The first steps in monitoring
Situations similar to the one just described are actually more common than desired. A system fault that had no symptoms visible before is relatively rare. A subsection of UNIX Administration Horror Stories (http://www-uxsup.csx.cam.ac.uk/misc/horror.txt) that only contains stories about faults that weren't noticed in time could probably be compiled easily.
As experience shows, problems tend to happen when we are least equipped to solve them. To work with them on our terms, we turn to a class of software commonly referred to as network monitoring software. Such software usually allows us to constantly monitor things happening in a computer network using one or more methods and notify the persons responsible, if a metric passes a defined threshold.
One of the first monitoring solutions most administrators implement is a simple shell script invoked from a crontab
that checks some basic parameters such as disk usage or some service state, such as an Apache server. As the server and monitored-parameter count grows, a neat and clean script system starts to grow into a performance-hogging script hairball that costs more time in upkeep than it saves. While the do-it-yourself crowd claims that nobody needs dedicated software for most tasks (monitoring included), most administrators will disagree as soon as they have to add switches, UPSes, routers, IP cameras, and a myriad of other devices to the swarm of monitored objects.
So, what basic functionality can one expect from a monitoring solution? Let's take a look:
Data gathering: This is where everything starts. Usually, data is gathered using various methods, including Simple Network Management Protocol (SNMP), agents, and Intelligent Platform Management Interface (IPMI).

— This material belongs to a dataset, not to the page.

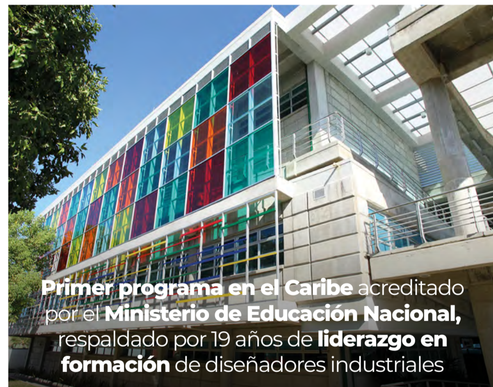
Primer programa en el Caribe acreditado por el Ministerio de Educación Nacional , respaldado por 19 años de liderazgo en formación de diseñadores industriales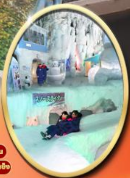
Kamikawa Ice Pavilion

Alerting: Gathered data can be compared to thresholds and alerts sent out when required using different channels, such as e-mail or SMS.
Data storage: Once we have gathered the data, it doesn't make sense to throw it away, so we will often want to store it for later analysis.
Visualization: Humans are better at distinguishing visualized data than raw numbers, especially when there's a lot of data. As we have data already gathered and stored, it is easy to generate simple graphs from it.
Sounds simple? That's because it is. But then we start to want more features, such as easy and efficient configuration, escalations, and permission delegation. If we sit down and start listing the things we want to keep an eye out for, it may turn out that that area of interest extends beyond the network, for example, a hard drive that has Self-Monitoring, Analysis, and Reporting Technology (SMART) errors logged, an application that has too many threads, or a UPS that has one phase overloaded. It is much easier to manage the monitoring of all these different problem categories from a single configuration point.
In the quest for a manageable monitoring system, wondrous adventurers stumbled upon collections of scripts much like the way they themselves implemented obscure and not-so-obscure workstation-level software and heavy, expensive monitoring systems from big vendors.
Many went with a different category—free software. We will look at a free software monitoring solution, Zabbix.